Welcome to Supreme Court Opinions. In this episode, you’ll hear the Court’s opinion in Starbucks Corp. v McKinney.
In this case, the court considered this issue: What test must courts use to evaluate requests for injunctions under Section 10(j) of the National Labor Relations Act?
The case was decided on June 13, 2024.
The Supreme Court held that when considering the NLRB’s request for a preliminary injunction under §10( j), district courts must apply the traditional four factors articulated in Winter v Natural Resources Defense Council, Inc.
Section 10( j) authorizes a federal district court “to grant . . . such temporary relief . empowers courts to grant equitable relief, there is a strong presumption that courts will exercise that authority in a manner consistent with traditional principles of equity.

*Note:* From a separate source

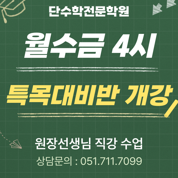기초부터 심화까지 단단하게 단수학전문학원 입니다. 월 수 금 4시!! 특목고나 자사고를 희망하는 학생들을 위한 수업이 개설되었습니다. 초6부터 가능하며 선착순 5명, 테스트 필수입니다. 원장 선생님 직강으로 개별 맞춤 수업을 진행합니다. 상담문의 시 특목반 수업 원한다고 말씀해 주세요^^ 단수학전문학원 원장이야기 바로가기 ↓↓↓ 교육상담 tel:051-711-7099 네이버 톡톡상담 ↓↓↓ <img src="https://blogthumb.pstatic.net/MjAyNjAyMjFfMTQ3/MDAxNzcxNjQwNTkwMDIy.Y9q7v2rS1hSTGkEVYYy2T3KtvJznpN0IBbBZeXXHqBwg.cMsoUe9jRKMqEwzZidd4rmOmfrbEXzVcJ9jeQayz4R4g.PNG/%BF%F8%C0%E5%B9%DD.png?type=s3" />

For preliminary injunctions, the four criteria identified in Winter encompass the relevant equitable principles. Nothing in §10( j) displaces the presumption that those traditional principles govern.

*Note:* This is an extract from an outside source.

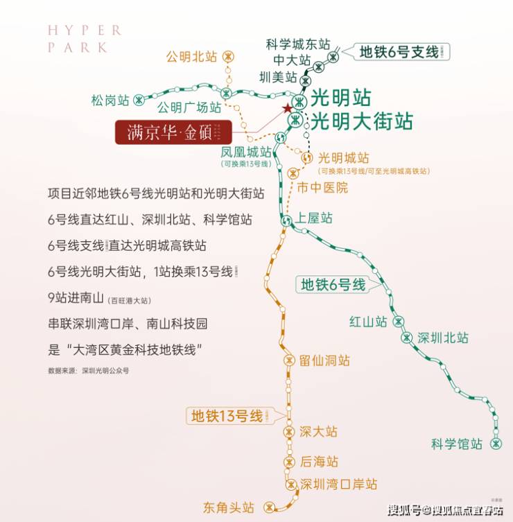 交通配套:项目距6号线“光明站”约800米,步行11分钟可达。2站到凤凰城站换乘13号线,4站至光明城站接驳高铁站与6号线,6站抵宝安上屋,11站达南山西丽留仙洞,14站到南山高新园,18站至后海。此外,龙大、南光、深圳外环高速环伺,快速串联全城。

The traditional rule is that a plaintiff seeking a preliminary injunction must make a clear showing that “he is likely to succeed on the merits, that he is likely to suffer irreparable harm in the absence of preliminary relief, that the balance of equities tips in his favor, and that an injunction is in the public interest.” “These commonplace considerations applicable to cases in which injunctions are sought in the federal courts reflect a ‘practice with a background of several hundred years of history.’ ” When interpreting a statute that authorizes federal courts to grant preliminary injunctions, the Court “does not lightly assume that Congress has intended to depart from established principles.” Absent a clear command from Congress, then, courts must adhere to the traditional four-factor test articulated in Winter.

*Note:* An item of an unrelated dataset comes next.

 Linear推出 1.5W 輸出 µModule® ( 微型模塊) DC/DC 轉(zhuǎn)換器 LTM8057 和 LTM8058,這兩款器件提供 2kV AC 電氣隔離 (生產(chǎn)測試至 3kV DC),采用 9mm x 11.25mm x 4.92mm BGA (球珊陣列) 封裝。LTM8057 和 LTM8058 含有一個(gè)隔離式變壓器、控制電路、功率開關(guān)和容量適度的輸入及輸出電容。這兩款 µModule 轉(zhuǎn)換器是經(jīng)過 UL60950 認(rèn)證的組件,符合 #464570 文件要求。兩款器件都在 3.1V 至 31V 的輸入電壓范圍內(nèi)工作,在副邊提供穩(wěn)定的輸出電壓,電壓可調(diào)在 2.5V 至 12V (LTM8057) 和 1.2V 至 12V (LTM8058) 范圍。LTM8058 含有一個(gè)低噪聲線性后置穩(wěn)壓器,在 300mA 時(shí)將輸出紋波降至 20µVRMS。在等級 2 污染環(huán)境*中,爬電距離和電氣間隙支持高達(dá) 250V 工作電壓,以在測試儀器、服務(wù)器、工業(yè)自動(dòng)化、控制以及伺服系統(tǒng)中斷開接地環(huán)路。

Section 10( j)’s statutory directive to grant injunctive relief when the district court “deems” it “just and proper” does not jettison the normal equitable rules; it simply invokes the discretion that courts have traditionally exercised when faced with requests for equitable relief. Furthermore, §10( j)’s text bears no resemblance to the language that Congress has employed when it has altered the normal equitable rules.